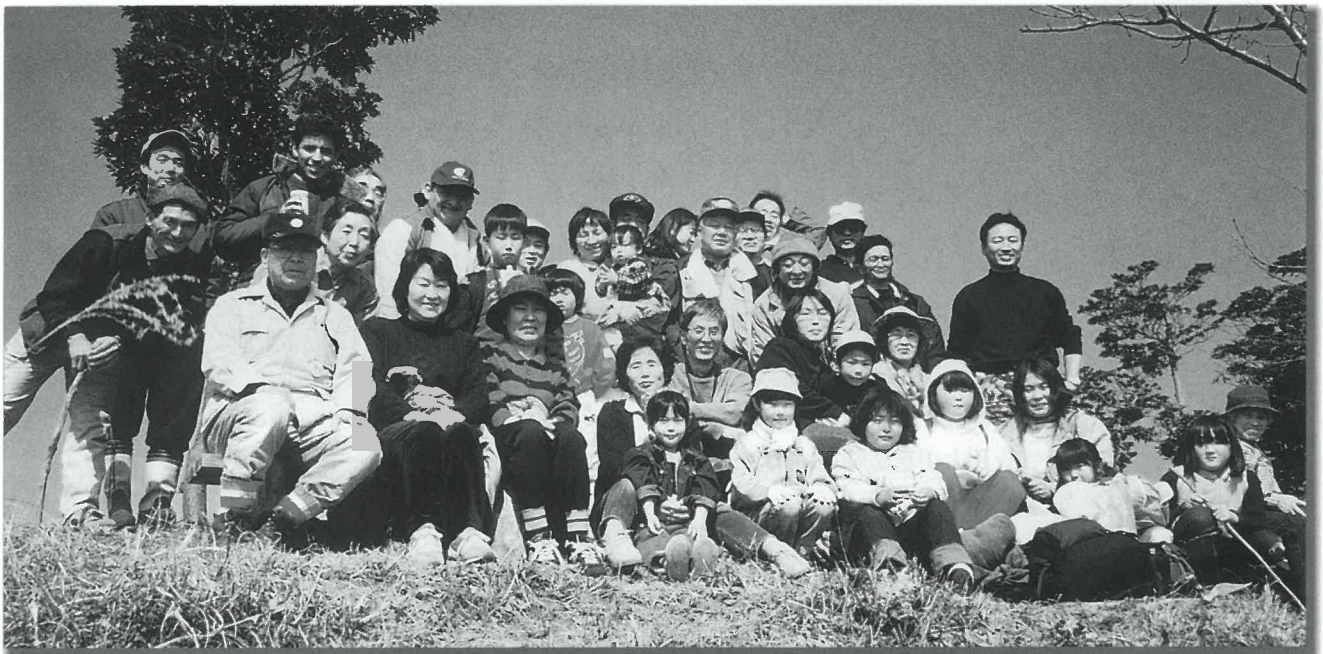
(小野ふれあいセンター主催 平原岳登山の行事に参加し、市民と交流)
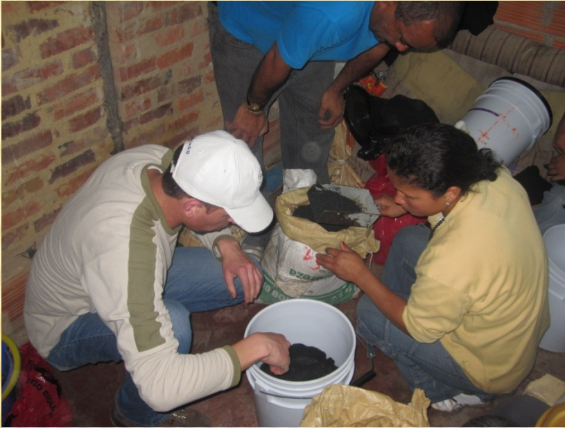
Mochuelo Ciudad Bolívar 2010
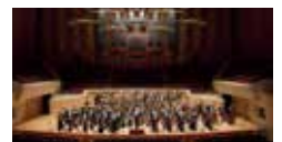
日本フィルハーモニー交響楽団
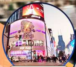
ถนนหนานจิง
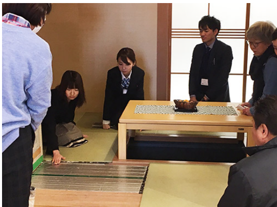
◎寒いこの季節、床暖房のやわらかい暖かさに、 みなさま興味津々です。
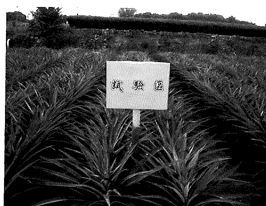
鳳梨合理化施肥示範區生長盛況
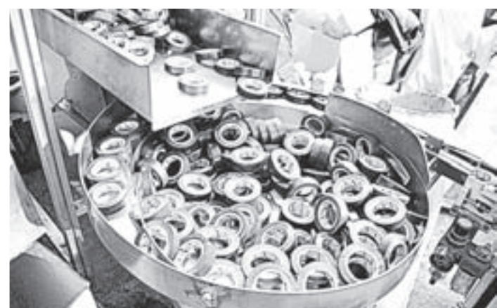
Эту продукцию знают в России и СНГ.

Расширение объема производства и появившиеся ощутимые конкурентные преимущества на рынке подтолкнули руководство предприятия к созданию новой производственной площадки. Заместитель директора
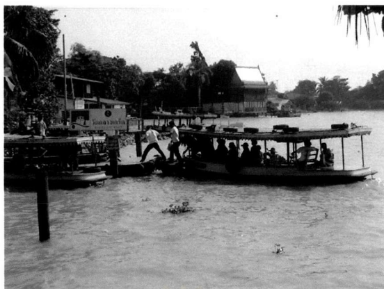
ภาพที่ 5.8 บริเวณท่าเรือวัดกลางเกร็ดที่มีสภาพไม่แข็งแรง

8) ปรับปรุงบริเวณพื้นที่เปิดโล่งบริเวณริมน้ำเพื่อเปิดทัศนวิสัยบริเวณที่มีคุณค่าและความสำคัญทางสภาพแวดล้อม รวมถึงการจัดหาพื้นที่ลานโล่งเพื่อทำกิจกรรมร่วมกันในชุมชน
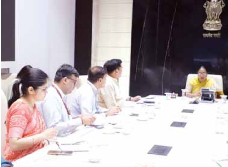
आरोग्य मंदिर निर्माण और वय वंदना योजना को लेकर उच्चस्तरीय बैठक करती सीएम रेखा गुप्ता।

रेखा ने मंगलवार को सचिवालय ने आयुष्मान आरोग्य मंदिर के निर्माण और वय वंदना योजना के प्रभावशाली और समग्र मठ को लेकर स्वास्थ्य विभाग के वरिष्ठ
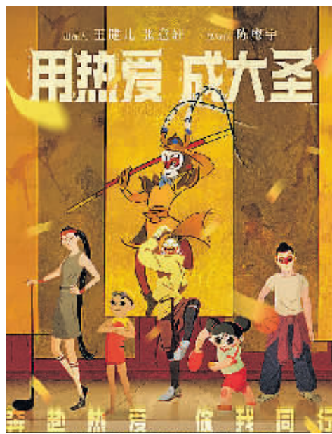
《奔赴热爱》宣传海报。

以艺术共创为源头活水，以最新技术为助力，以丰富的营销、传播玩法为途径，上影元为《大闹天宫》这一经典IP赋予更多具有时代特色的文化及商业价值，也为讲好中国故事、传承中国传统文化打开了新思路——传统文化的传承离不开与时代的共振，只有通过时代情绪的深入洞察和对新世代生活方式的理解，经典IP方能在新时代挖掘出新表达，焕发出新魅力。
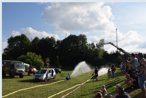
Ukázka požárního útoku mladých hasičů za použití stříkačky PS-12 (SDH Malé Svatoňovice).
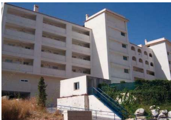
Residencial Golf Beach III | Nueva Torrequebrada, Benalmádena, Málaga
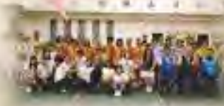
109年度身心障礙者暑期生活營活動成果發表

個人每個氛圍，真的很溫暖很團結，越是回想越是印象深刻，突然有些貴楚想回到時光，回到一開始相遇的地方，再一次感受大家，擁抱可愛的大家--
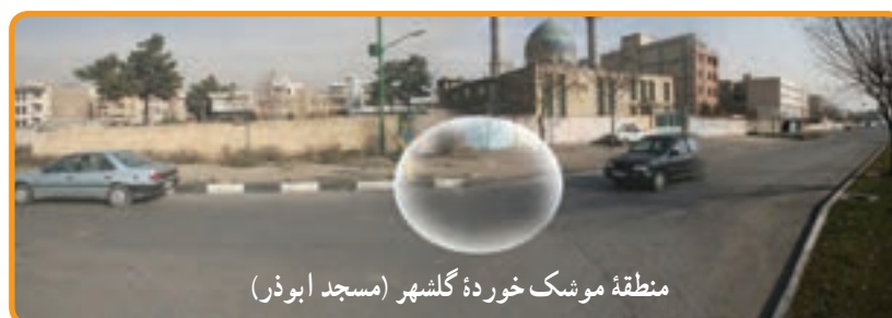
منطقه موشک خورده گلشهر (مسجد ابوذر)
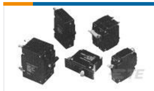
TE 产品编号 8-1393254-9 W92-X113-50=M6/M7/M9/W6/W7
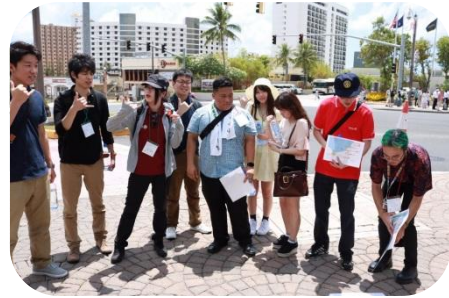
暑さでお疲れです…
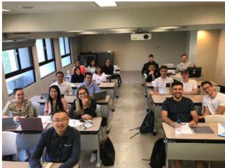
Gambar 1. 1 Proses Belajar Mengajar Dikelas

Program pertukaran mahasiswa ini memberikan kesempatan belajar baik yang keluar maupun masuk jangka pendek / non-gelar. Siswa dapat belajar dan membenamkan diri sebagai siswa formal selama satu semester atau satu tahun akademik. Kredit yang diperoleh diakui kedua universitas. Mereka yang ingin berpartisipasi dalam Program Pertukaran harus melalui Proses Penyaringan Internal. Kemudian, siswa harus menyerahkan materi aplikasi untuk penyaringan lebih lanjut.
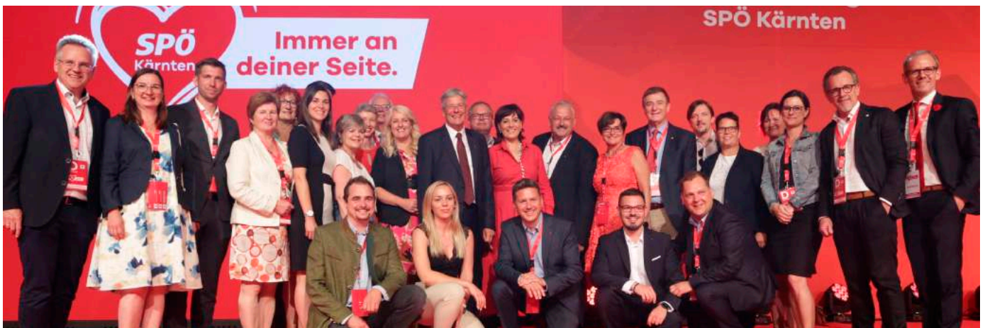
Die neugewählten Mitglieder des Landespartei Vorstandes der SPÖ Kärnten

IMPRESSUM: HERAUSGEBER, MEDIENINHABER und für den Inhalt verantwortlich: SPÖ Magdalensberg, OPV Andreas Scherwitzl, Sonnenblick 4, 9064 Timenitz ERSCHEINUNGsort: 9064 Magdalensberg
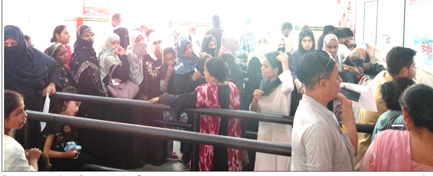
जिला अस्पताल के पर्चा काउंटर खड़े मरीज।

भीषण गर्मी के कारण जिला अस्पताल में सुबह 8 बजे से ही ओपीडी में मरीजों की लंबी कतारें लग जाती हैं। पंजीकरण काउंटरों पर कार्यरत कर्मचारियों ने बताया कि इन दिनों उन पर काफी काम
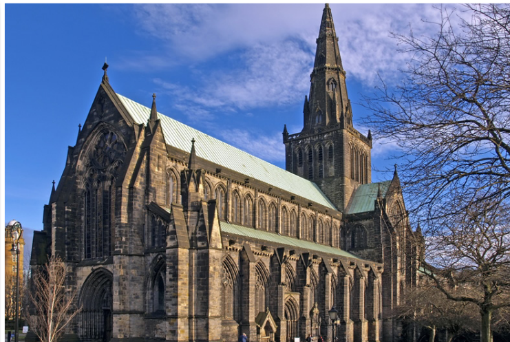
Γλασκώβη - Καθεδρικός Ναός
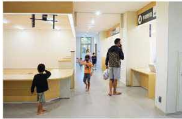
▲1階窓口カウンター付近

令和5年1月4日からは、新庁舎にて業務を開始します。皆さまどうぞよろしくお願い致します。
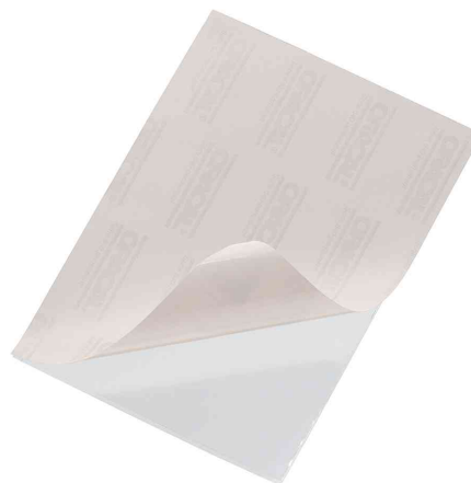
Pochettes autocollantes POCKETFIX®, recto
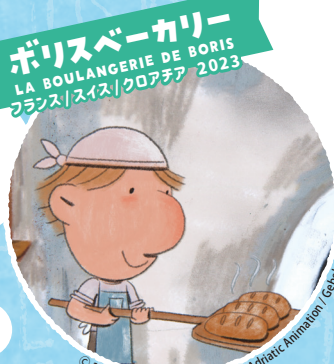
ボリスベーカリー LA BOULANGERIE DE BORIS フランス/スイス/クロアチア 2023
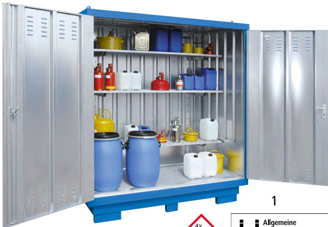
Außenwandlackierung (Mehrpreis), Regal-Set (Zubehör)

Gefahrstoff-Brandschutzcontainer bitte anfragen.

━━━━━━━━━━━━━━━━

TASK BRIEF: Would you give the material back exactly, minus the pictures?

RESPONSE TO THE EXERCISE:
(小野ふれあいセンター主催 平原岳登山の行事に参加し、市民と交流)
Mochuelo Ciudad Bolívar 2010
日本フィルハーモニー交響楽団
ถนนหนานจิง
◎寒いこの季節、床暖房のやわらかい暖かさに、 みなさま興味津々です。
鳳梨合理化施肥示範區生長盛況
Эту продукцию знают в России и СНГ.

Расширение объема производства и появившиеся ощутимые конкурентные преимущества на рынке подтолкнули руководство предприятия к созданию новой производственной площадки. Заместитель директора
ภาพที่ 5.8 บริเวณท่าเรือวัดกลางเกร็ดที่มีสภาพไม่แข็งแรง

8) ปรับปรุงบริเวณพื้นที่เปิดโล่งบริเวณริมน้ำเพื่อเปิดทัศนวิสัยบริเวณที่มีคุณค่าและความสำคัญทางสภาพแวดล้อม รวมถึงการจัดหาพื้นที่ลานโล่งเพื่อทำกิจกรรมร่วมกันในชุมชน
आरोग्य मंदिर निर्माण और वय वंदना योजना को लेकर उच्चस्तरीय बैठक करती सीएम रेखा गुप्ता।

रेखा ने मंगलवार को सचिवालय ने आयुष्मान आरोग्य मंदिर के निर्माण और वय वंदना योजना के प्रभावशाली और समग्र मठ को लेकर स्वास्थ्य विभाग के वरिष्ठ
《奔赴热爱》宣传海报。

以艺术共创为源头活水，以最新技术为助力，以丰富的营销、传播玩法为途径，上影元为《大闹天宫》这一经典IP赋予更多具有时代特色的文化及商业价值，也为讲好中国故事、传承中国传统文化打开了新思路——传统文化的传承离不开与时代的共振，只有通过时代情绪的深入洞察和对新世代生活方式的理解，经典IP方能在新时代挖掘出新表达，焕发出新魅力。
Ukázka požárního útoku mladých hasičů za použití stříkačky PS-12 (SDH Malé Svatoňovice).
Residencial Golf Beach III | Nueva Torrequebrada, Benalmádena, Málaga
109年度身心障礙者暑期生活營活動成果發表

個人每個氛圍，真的很溫暖很團結，越是回想越是印象深刻，突然有些貴楚想回到時光，回到一開始相遇的地方，再一次感受大家，擁抱可愛的大家--
منطقه موشک خورده گلشهر (مسجد ابوذر)
TE 产品编号 8-1393254-9 W92-X113-50=M6/M7/M9/W6/W7
暑さでお疲れです…
Gambar 1. 1 Proses Belajar Mengajar Dikelas

Program pertukaran mahasiswa ini memberikan kesempatan belajar baik yang keluar maupun masuk jangka pendek / non-gelar. Siswa dapat belajar dan membenamkan diri sebagai siswa formal selama satu semester atau satu tahun akademik. Kredit yang diperoleh diakui kedua universitas. Mereka yang ingin berpartisipasi dalam Program Pertukaran harus melalui Proses Penyaringan Internal. Kemudian, siswa harus menyerahkan materi aplikasi untuk penyaringan lebih lanjut.
Die neugewählten Mitglieder des Landespartei Vorstandes der SPÖ Kärnten

IMPRESSUM: HERAUSGEBER, MEDIENINHABER und für den Inhalt verantwortlich: SPÖ Magdalensberg, OPV Andreas Scherwitzl, Sonnenblick 4, 9064 Timenitz ERSCHEINUNGsort: 9064 Magdalensberg
जिला अस्पताल के पर्चा काउंटर खड़े मरीज।

भीषण गर्मी के कारण जिला अस्पताल में सुबह 8 बजे से ही ओपीडी में मरीजों की लंबी कतारें लग जाती हैं। पंजीकरण काउंटरों पर कार्यरत कर्मचारियों ने बताया कि इन दिनों उन पर काफी काम
Γλασκώβη - Καθεδρικός Ναός
▲1階窓口カウンター付近

令和5年1月4日からは、新庁舎にて業務を開始します。皆さまどうぞよろしくお願い致します。
Pochettes autocollantes POCKETFIX®, recto
ボリスベーカリー LA BOULANGERIE DE BORIS フランス/スイス/クロアチア 2023
Außenwandlackierung (Mehrpreis), Regal-Set (Zubehör)

Gefahrstoff-Brandschutzcontainer bitte anfragen.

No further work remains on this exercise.